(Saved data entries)
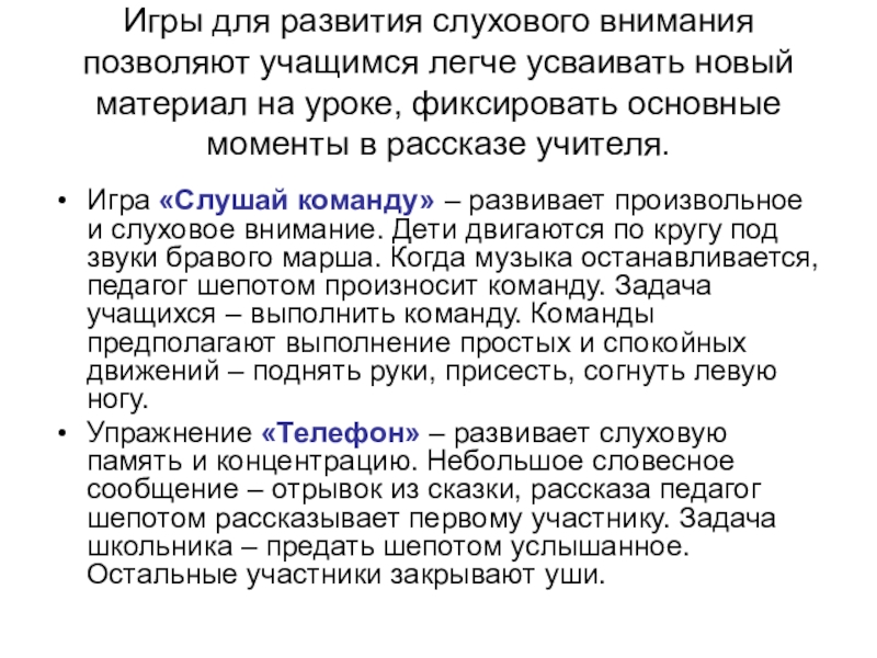 Слайд 32Игры для развития слухового внимания позволяют учащимся легче усваивать новый материал
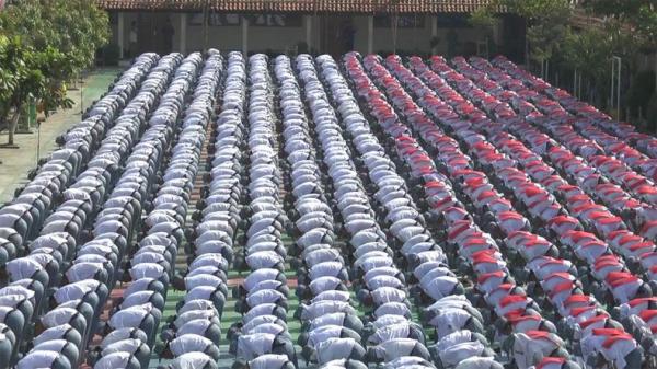 Selian melakukan gerakan periksa kerapian diri secara serentak dan bersama-sama, ribuan siswa juga membentuk koreo bendera Merah Putih. Siswa barisan belakang ditempel kertas berwana merah sehingga saat melakukan gerakan membungkuk terbentuk bendera Merah Putih berukuran besar.
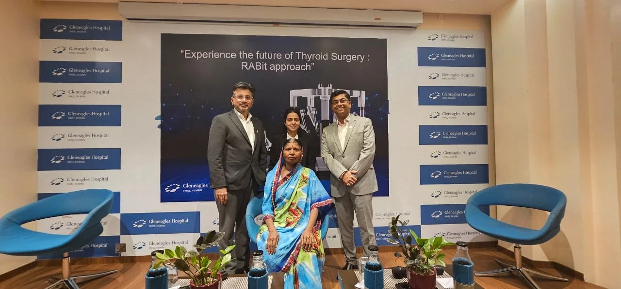 मुंबई: महाराष्ट्र के कोल्हापूर जिल्हे वारणानगर में रहनेवाली 60 वर्षीय किसान महिलापर मुंबई में रोबोटिक तकनीकद्वारा ब्रेस्ट एक्सिलो इनसफ्लेशन थायरॉयडेक्टॉमी सर्जरी की गई है। परेल स्थित ग्लेनईगल्स अस्पताल में इस महिला का इलाज किया गया है। रोबोटिक के सहायता से पहली बार यह थायराइड सर्जरी की गई है.
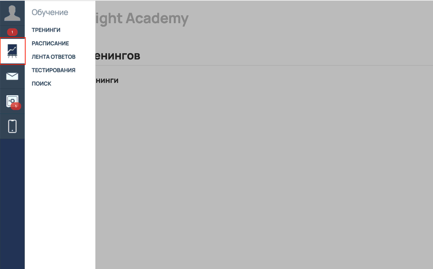 В пункте “Тренинги” вы можете просматривать все доступные курсы и материалы.
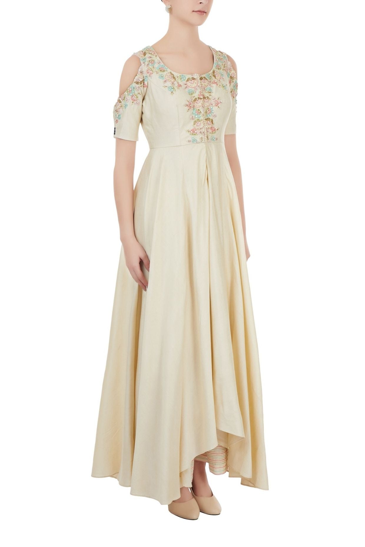 Ivory Multi Colored Anarkali Dress Online Ivory Multi Colored Anarkali Dress Online
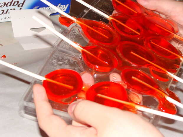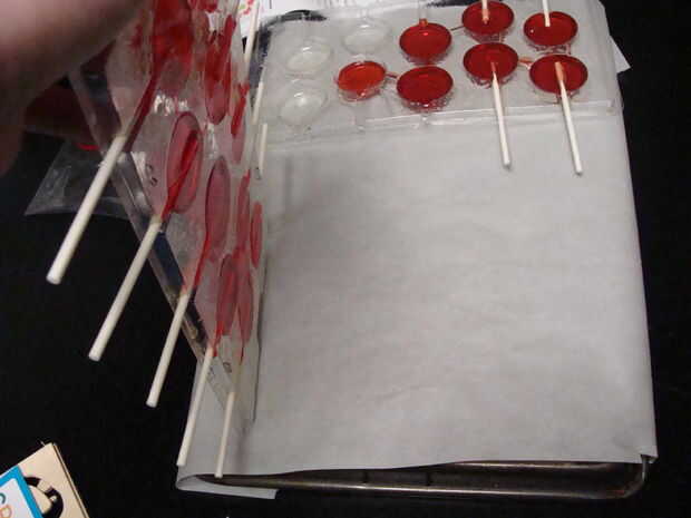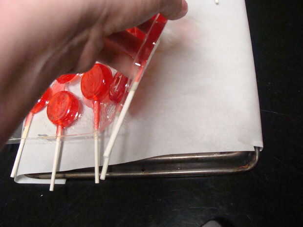 2 agarrar ambos extremos del molde y curva o a la sacudida hasta que todas las piruletas se caen

◆ Task goal ◆
The output has to match the data above line for line, except that pictures are dropped.

◆ Result of the exercise ◆
 Слайд 32Игры для развития слухового внимания позволяют учащимся легче усваивать новый материал
 Selian melakukan gerakan periksa kerapian diri secara serentak dan bersama-sama, ribuan siswa juga membentuk koreo bendera Merah Putih. Siswa barisan belakang ditempel kertas berwana merah sehingga saat melakukan gerakan membungkuk terbentuk bendera Merah Putih berukuran besar.
 मुंबई: महाराष्ट्र के कोल्हापूर जिल्हे वारणानगर में रहनेवाली 60 वर्षीय किसान महिलापर मुंबई में रोबोटिक तकनीकद्वारा ब्रेस्ट एक्सिलो इनसफ्लेशन थायरॉयडेक्टॉमी सर्जरी की गई है। परेल स्थित ग्लेनईगल्स अस्पताल में इस महिला का इलाज किया गया है। रोबोटिक के सहायता से पहली बार यह थायराइड सर्जरी की गई है.
 В пункте “Тренинги” вы можете просматривать все доступные курсы и материалы.
 Ivory Multi Colored Anarkali Dress Online Ivory Multi Colored Anarkali Dress Online
 2 agarrar ambos extremos del molde y curva o a la sacudida hasta que todas las piruletas se caen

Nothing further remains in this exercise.